The heart has also an electric cable system that supplies current to the upper rooms (chambers) first and then the lower rooms.

This delay in current supply to the lower chambers gives time for blood to flow from the upper to the lower chambers before the ventricles pumps out the blood.

In many patients the current cable from the upper to the lower chambers is cut. The treatment consists of putting a wire into the lower chambers to supply electricity from a battery implanted under the skin.

This device is called a pacemaker. To maintain the normal sequence of events between the upper and lower chambers, wires have to be put both into the upper and lower chambers.

In VDD pacing procedure only one wire is put into the lower chamber, but this wire senses the upper chamber current and waits till the blood has emptied into the lower chambers before supplying the electric stimulus to the lower chambers.

This helps to increase the pumping efficiency of the heart and prevents congestion that might happen only when the lower chamber is paced. At the same time two wires need not be put reducing the risk and inconvenience to the patients.
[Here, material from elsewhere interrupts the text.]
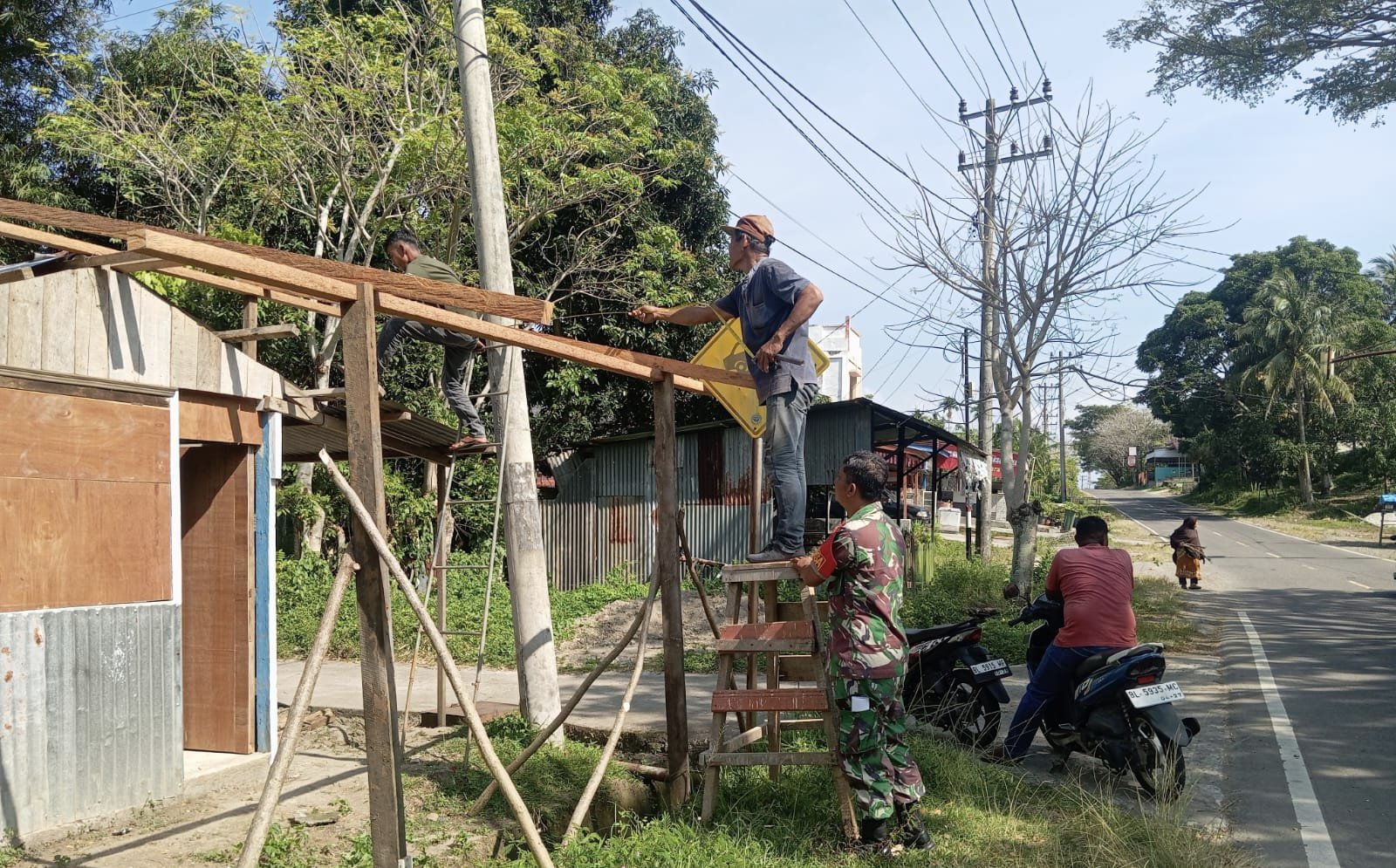 MEDIANAD.COM, SABANG– Sebagai wujud kepedulian dan upaya mempererat hubungan antara TNI dan masyarakat, Babinsa Koramil 01/Sukajaya Kodim 0112/Sabang, Serka Muliyono, membantu warga yang sedang membangun warung di Jurong Sejahtera, Gampong Cot Abeuk, Kecamatan Sukajaya, Kota Sabang, Rabu (8/10/2025).

Chief operating officer and medical superintendent of the hospital Dr D P Saraswat said: “With this expertise of the cardiologists and operational standards of KMC Heart Centre, Manipal, patients can expect the care comparable to any cardiology set up in India.”

Dr Saraswat said the commitment of KMC Heart Centre to provide the best of cardiac care to the people of this region has been accomplished, but the centre would strive for continuous improvement of facilities available.

The latest technology of angioplasty using drug eluting stent is also available in the centre.